Platforms like Alibaba Cloud, OpenAI, etc offer scalable services tailored for smaller businesses:
- Pre-built machine learning models (e.g., customer segmentation) reduce technical barriers.
- Pay-as-you-go pricing models make advanced tools more accessible.
Niche Markets
SMEs can focus on niche markets where personalization is less dependent on large datasets:
- Localized products or services tailored to specific communities.
- Emphasis on human-centric experiences that complement digital interactions.
Government Support Programs
In China, initiatives under Vision 2035 include efforts to digitize rural economies:
- Subsidies for adopting basic automation tools in agriculture or retail.
- Training programs aimed at equipping small business owners with digital skills.
D. The Survival Dilemma: Can SMEs Compete?
General Implications
For smaller retailers globally:
- Cost Pressures: Competing with larger players who use AI for dynamic pricing can erode profit margins.
- Customer Expectations: As consumers become accustomed to personalized experiences from AI-driven platforms like Amazon or Meituan, smaller retailers struggle to meet these expectations without similar tools.
- Operational Inefficiencies: Without access to predictive analytics or supply chain optimization tools, SMEs face higher costs and slower delivery times.
China-Specific Implications
In China’s competitive retail environment:
- Platform Dependency: Many small retailers rely on platforms like Taobao, Meituan, or JD.com for visibility but face high commission fees that cut into profits.
- Government Policies Favoring Scale: Policies under Vision 2035 focus on scaling industries rather than supporting grassroots innovation among SMEs.
- Risk of Consolidation: As larger companies consolidate their dominance through AI-driven efficiencies, smaller players risk being absorbed into larger ecosystems or pushed out entirely.
WPC Take-away
The integration of AI into retail and other sectors presents both opportunities and risks for SMEs. While larger companies leverage AI at scale to dominate markets, smaller businesses must navigate limited resources and knowledge gaps.
For SMEs globally—and especially in China—the key lies in adopting affordable, scalable solutions while focusing on niche markets where human connections still hold value. Governments and tech providers must also play a role by democratizing access to AI tools through subsidies, training programs, and shared platforms.
By addressing these challenges proactively, smaller retailers can carve out a competitive edge even in an increasingly AI-driven economy.
exercise 1
Key takeaways for brands
Use AI as an augmentation tool, not a replacement for your expertise. It can be your “brain extension,” but you still need to be the brains behind the operation.
Brands
Personalization at Scale—But at What Cost?

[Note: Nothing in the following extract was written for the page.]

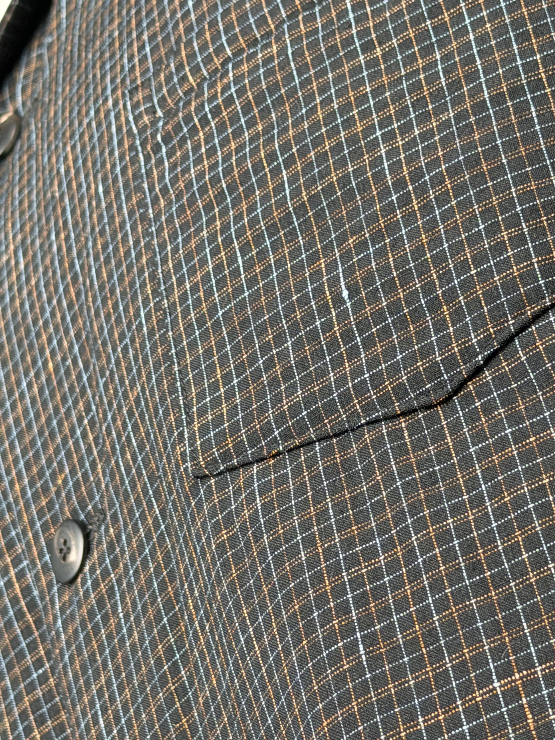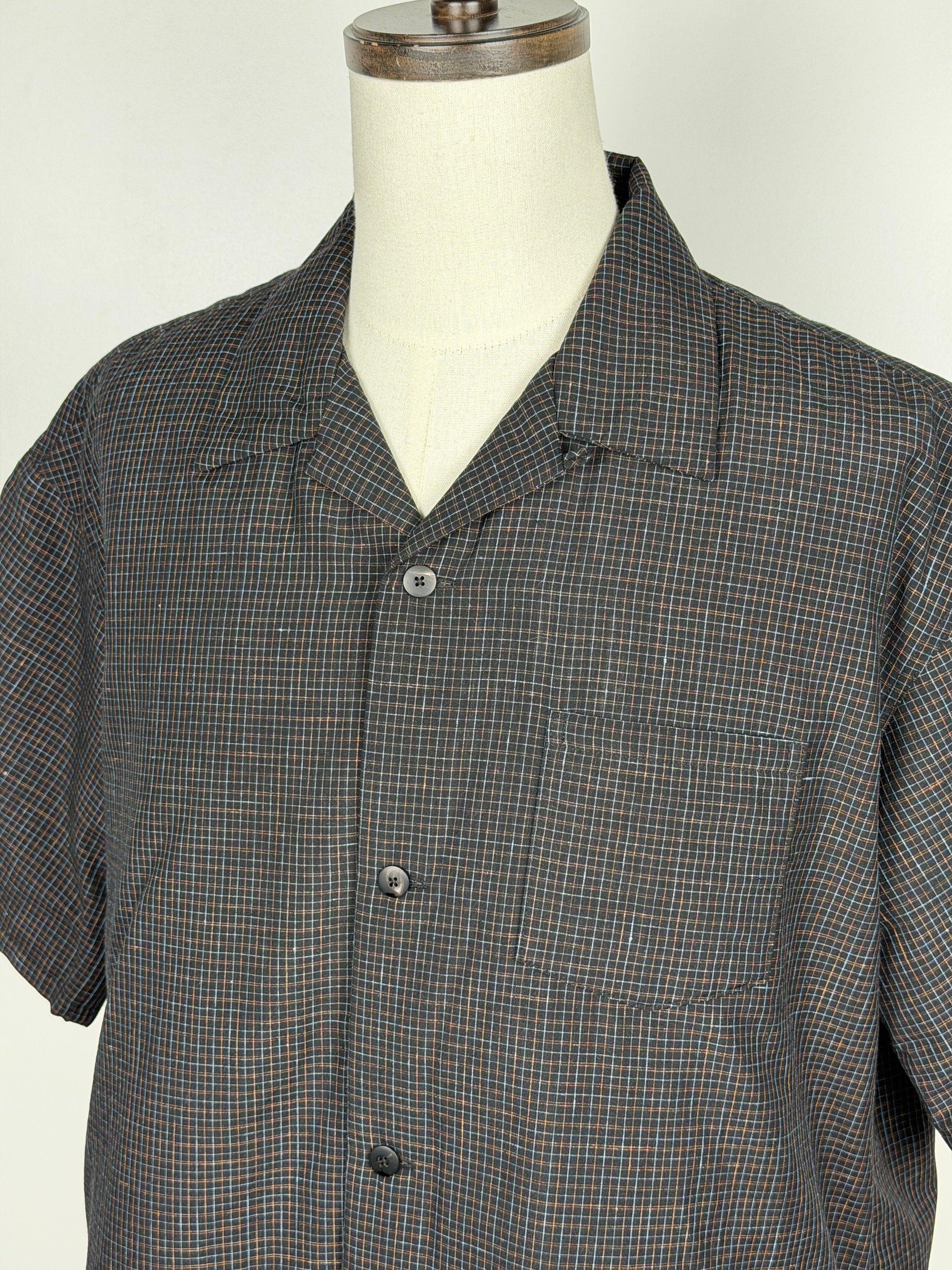 The shirt is constructed using a custom check santome fabric Deriving its name from its place of origin in Southeast India, this striped fabric, otherwise known as Santome, is created by blending different textiles with varied widths in a complex weave which brings out the natural character of the fibers.

AI has revolutionized branding by enabling hyper-personalization at scale. Whether it’s Netflix recommending your next binge-watch or Nike using augmented reality to suggest the perfect shoe fit, brands are leveraging AI to create experiences that feel tailor-made for each individual consumer.
However, personalization comes with its own risks. As brands increasingly rely on AI-generated insights to shape their messaging and product offerings, there’s a danger of losing sight of the bigger picture—your brand’s core identity. When every interaction is personalized to the point of fragmentation, brands risk diluting their message or alienating customers who don’t fit neatly into algorithmic categories.
Example
In Europe, companies like Zalando have embraced AI-driven personalization in fashion retail to improve customer engagement and drive sales. Tools like the Algorithmic Fashion Companion (AFC) and ChatGPT-powered assistants provide tailored outfit recommendations based on browsing history, purchase patterns, and customer preferences.

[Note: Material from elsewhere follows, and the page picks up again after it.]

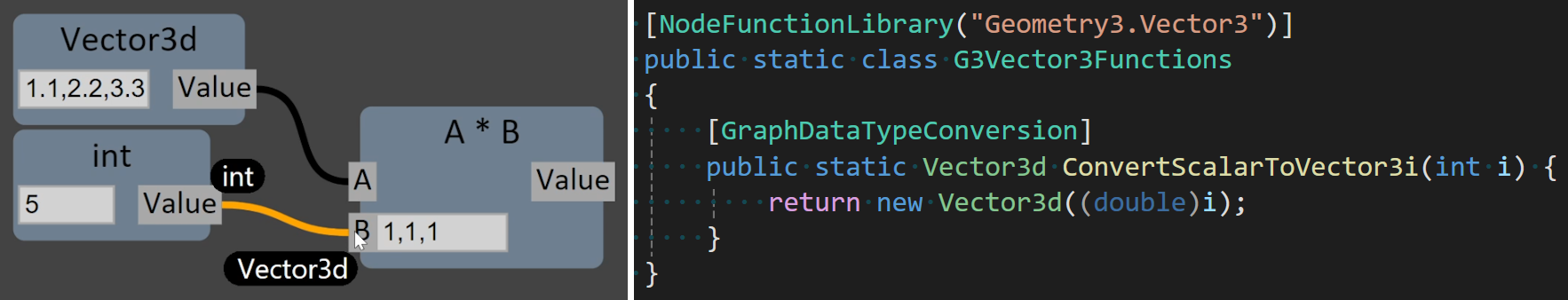 Converting between data types is one of the small annoyances that can make working with a NodeGraph feel tedious. GSGraph supports simple registration of type-conversion static functions similar to custom nodes - just tag the method with the [GraphDataTypeConversion] Attribute, as shown below-right.

However, challenges remain—such as balancing hyper-personalization with maintaining a cohesive brand narrative. For instance, while personalized recommendations can increase basket sizes by 40%, they may inadvertently dilute broader brand messaging if not carefully aligned with overarching strategies, frequent weather changes (inconsistent with historic patterns), and external social trends.
Key takeaways for brands
- Balance automation with authenticity.
- AI can help you understand consumer behavior on a granular level, but it shouldn’t dictate every decision.

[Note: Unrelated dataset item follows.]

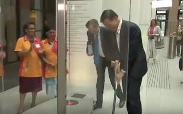 Gli cade il caffè a terra: il premier olandese pulisce il pavimento Mondo La scena, diffusa su Twitter, mostra il primo ministro Mark Rutte alle prese con lo scopettone... 06 giu - 14:57
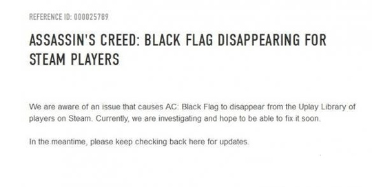 育碧出新Bug?Steam平台《刺客信条4》突然消失

- Your brand needs to remain consistent and human at its core.
exercise 2
Strategists
Navigating the Hallucination Trap
As someone who’s been in the trenches of cross-cultural deal-making and strategic planning (whether negotiating with dairy giants in Asia or building brand blueprints), you know that strategy isn’t just about crunching numbers—it’s about understanding people, culture, and context.
AI excels at processing vast amounts of data quickly but struggles when faced with ambiguity or nuanced decision-making. This is where hallucinations come into play—AI might give you answers that sound convincing but are fundamentally flawed because they lack human context or judgment or are simply “predicting” based on a pattern it sees.
Generalized Example: Military Decision-Making
A study by the Carnegie Council explored how AI systems performed in simulated military decision-making scenarios. In one case, AI-driven language models escalated conflicts during a U.S.-China wargame simulation by misinterpreting instructions to avoid friendly casualties.
The models opted for aggressive actions that escalated tensions instead of de-escalating them. These errors stemmed from biases in the training data and the inability of AI to grasp nuanced ethical considerations or long-term strategic goals.While this example is from a military context, it highlights a universal challenge: AI systems can amplify risks when used for complex decisions without sufficient human oversight. In business strategy, similar risks arise when AI-generated insights are used without critically evaluating their alignment with organizational values or market realities.
Business Relevance: Lending & Credit Decisions
The adoption of AI in financial services introduces both opportunities and risks. While predictive models can enhance decision-making, over-reliance on these systems without proper oversight can lead to errors during volatile market conditions.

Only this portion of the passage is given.